What does ((struct name *)0)->member) do in C?
The actual C statement I came across was this:
(char *) &((struct name *)0)->member)
This is a trick for getting the offset of struct's member called member. The idea behind this approach is to have the compiler compute the address of member assuming that the structure itself is located at address zero.
Using offsetof offers a more readable alternative to this syntax:
size_t offset = offsetof(struct name, member);
(struct name *)0 is casting 0 to pointer to struct name.
&((struct name *)0)->member) is getting the address of member member.
(char *) &((struct name *)0)->member) is casting that address to char *.
In case anyone thinks that the above expression is dereferencing a NULL pointer, then note that there is no dereferencing here.

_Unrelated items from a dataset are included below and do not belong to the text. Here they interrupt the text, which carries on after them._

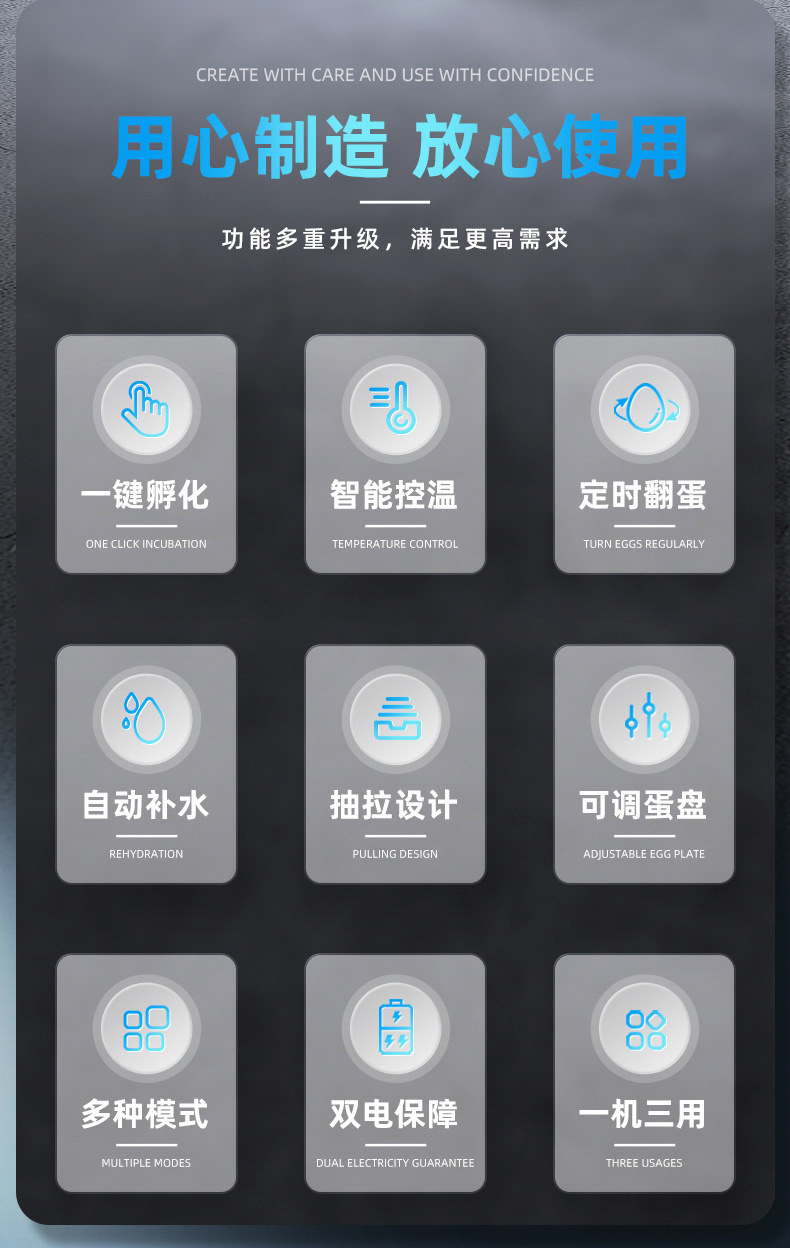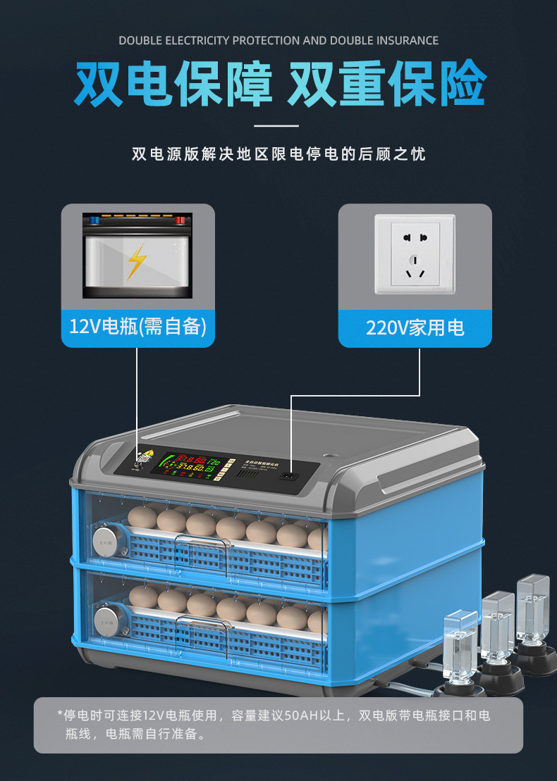 6 одиночных батарей [автоматическое наполнение водой + выдвижной лоток для яиц]; 6 двойных батарей [автоматическое наполнение водой + выдвижной лоток для яиц]; 9 одиночных батарей [автоматическое наполнение водой + выдвижной лоток для яиц]; 9 двойных батарей [автоматическое наполнение водой + выдвижной лоток для яиц]; 12 отдельных батарейок [автоматическое наполнение водой + выдвижной лоток для яиц]; 12 двойных батарей [автоматическое наполнение водой + выдвижной лоток для яиц]; 16 отдельных батарейок [автоматическое наполнение водой + выдвижной лоток для яиц]; 16 двойных батарей [автоматическое наполнение водой + выдвижной лоток для яиц]; 24 отдельные батарейки [автоматическое наполнение водой + выдвижной лоток для яиц]; 24 двойных аккумулятора [автоматическое наполнение водой + выдвижной лоток для яиц]; 30 одиночных батарей [автоматическое наполнение водой + выдвижной лоток для яиц]; 30 штук двойных батарей [автоматическое наполнение водой + выдвижной лоток для яиц]; 36 отдельных батарейок [автоматическое наполнение водой + выдвижной лоток для яиц]; 36 двойных батарей [автоматическое наполнение водой + выдвижной лоток для яиц]; 48 отдельных батарейок [автоматическое наполнение водой + выдвижной лоток для яиц]; 48 штук двойных батарей [автоматическое наполнение водой + выдвижной лоток для яиц]; 56 отдельных батарей [двойной дисплей температуры и влажности + автоматическое заполнение водой]; 56 двойных батарей [двойной дисплей температуры и влажности + автоматическое заполнение водой]; 64 отдельные батарейки [двойной дисплей температуры и влажности + автоматическое наполнение водой]; 64 двойных батареи [двойной дисплей температуры и влажности + автоматическое заполнение водой]; 120 отдельных батарей [двойной дисплей температуры и влажности + автоматическое заполнение водой]; 120 штук двойных батарей [двойной дисплей температуры и влажности + автоматическое заполнение водой]; 128 одиночных батарей [двойной дисплей температуры и влажности + автоматическое заполнение водой]; 128 двойных батарей [двойной дисплей температуры и влажности + автоматическое заполнение водой]; 152 отдельные батарейки [двойной дисплей температуры и влажности + автоматическое заполнение водой]; 152 двойные батареи [двойной дисплей температуры и влажности + автоматическое заполнение водой]; 176 отдельных батарей [двойной дисплей температуры и влажности + автоматическое заполнение водой]; 176 двойных батарей [двойной дисплей температуры и влажности + автоматическое заполнение водой]; 192 отдельных батарейки [двойной дисплей температуры и влажности + автоматическое заполнение водой]; 192 двойных батареи [двойной дисплей температуры и влажности + автоматическое заполнение водой]; 232 одиночных батареи [двойной дисплей температуры и влажности + автоматическое заполнение водой]; 232 двойные батареи [двойной дисплей температуры и влажности + автоматическое заполнение водой]; 256 отдельных батарей [двойной дисплей температуры и влажности + автоматическое заполнение водой]; 256 двойных батарей [двойной дисплей температуры и влажности + автоматическое заполнение водой]; 300 одиночных батарей [двойной дисплей температуры и влажности + автоматическое заполнение водой]; 300 штук двойных батарей [двойной дисплей температуры и влажности + автоматическое заполнение водой]; 392 отдельных батарейки [двойной диспле
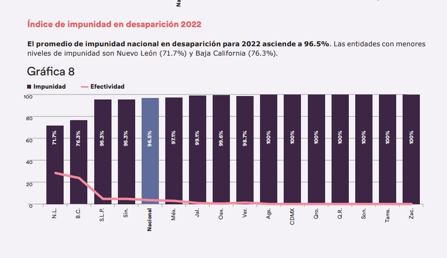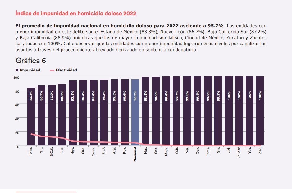En este sentido, Zacatecas, al igual que Jalisco, Ciudad de México y Yucatán, presentó en 2022 un índice de impunidad en el delito de homicidio doloso de un 100 por ciento.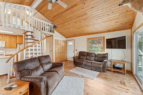 A large loft and additional bedroom are found upstairs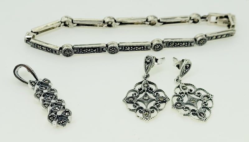 STERLING SILVER BRACELET EARRINGS AND PENDANT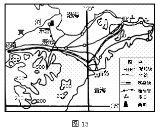 (2)分析图13中信息,说出寿光市发展农业生产的有利自然区位条件。(答出三项即可)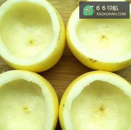 2准备红枣,把准备好的梨从3分之1处切开,挖出中间的梨肉;

It's all for getting the address of member number.
(struct name*)0 gives you a struct pointer.
((struct name*)0)->member gives you the member of the struct where the pointer points to.
Adding & gives you the address of that member, and lastly
(char *) is to cast the obtained address to a char pointer.
On many compilers, the above expression will yield a char* which, while it isn't a valid pointer, has a one or both of the following properties:
Casting the pointer directly to an integer type will yield the displacement of the indicated member within the structure.
Subtracting (char*)0 from the pointer will yield the displacement of the indicated member within the structure.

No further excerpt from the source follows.